The results of double-stranded breaks
Non-homologous end-joining
In each case, a ZFN or a TALEN or a CRISPR nuclease creates a double-stranded break in the genome. Why is this helpful? Well, sometimes a therapy might want to disable a gene instead of add one. For example, haemophilia B is a dominant disorder – if you cause a DSB in the middle of the gene, then the cell joins the ends back together with a process called non-homologous end joining, or NHEJ. The cell basically “sticks” the broken ends back together, and that usually the repair loses a base or two. This introduces a frameshift mutation into the gene that disables it.
Homology-directed repair (HDR)
A double-stranded break in a chromosome is a big problem for a cell – when the cell divides, it’s not going to be able to completely copy that chromosome into daughter cells. As a result, there are two common ways a cell tries to repair it. One we’ve already seen, which is non-homologous end joining – the cell sticks the two broken ends back together. Often the join isn’t perfect, and if it’s in the middle of a gene a mutation gets introduced which often disables the gene.

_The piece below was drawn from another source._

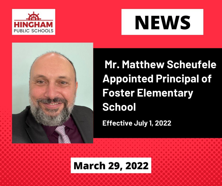 Matthew Scheufele has been appointed as the new Foster Elementary School principal, effective July 1.

However, if there’s a “non-broken” copy of the chromosome around – say, the cell is after S phase and there’s another chromatid right next door – then the cell can use the working copy to repair the damaged one. This process is called non-allelic homologous recombination, and importantly it depends on homologous regions before and after the break. Gene therapies – and other genetic engineering – can use NAHR to precisely modify the genome by stimulating a double-stranded break with a nuclease, then providing a “working copy” for the cell to repair the DSB with. If the break is precisely positioned at a disease-causing mutation, then the “working copy” can repair that mutation.
Base editing
Making double-stranded breaks to stimulate non-allelic homologous repair is still a risky business, though. Despite being “programmable”, these nucleases often cut places they’re not supposed to and can cause other DNA damage. A new generation of ultra-precise nucleases does a better job, but – what if we could repair mutations without a double-stranded break? What if we replace the DNA-cutting domain with some other functional domain? Then, we would have a protein that can bring that functional domain to a specified sequence of DNA in the genome.
This is the idea behind base editing. 58% of the human genetic variants associated with disease are point mutations, and a base-editor can change a C-G pair to a T-A pair or vice-versa. Here’s how this works for a C to T edit. A Cas9 CRISPR nuclease is changed so that instead of cutting DNA, it nicks it instead. We’ll call this a “nicking Cas9”, or “nCas9”. To the nCas9, we’ll fuse a cytidine deaminase and program it with a guide RNA that brings the nCas9 to the site we want to repair. The deaminase turns the cytosine into a uracil and the nCas9 nicks the other strand a few bases downstream. This nick causes the cell to repair the nick, and that process chews back a few bases then synthesizes the complementary strand. In this case, however, the complementary base to a uracil is a thymine! Then, DNA replication or further repair processes recognize the uracil and replace it with an adenine. Neat, huh? Changing a C-G to an A-T works similarly. Base editing is not used in any approved therapies yet, but they’re sufficiently precise that a number of therapies are in phase I and phase II clinical trials.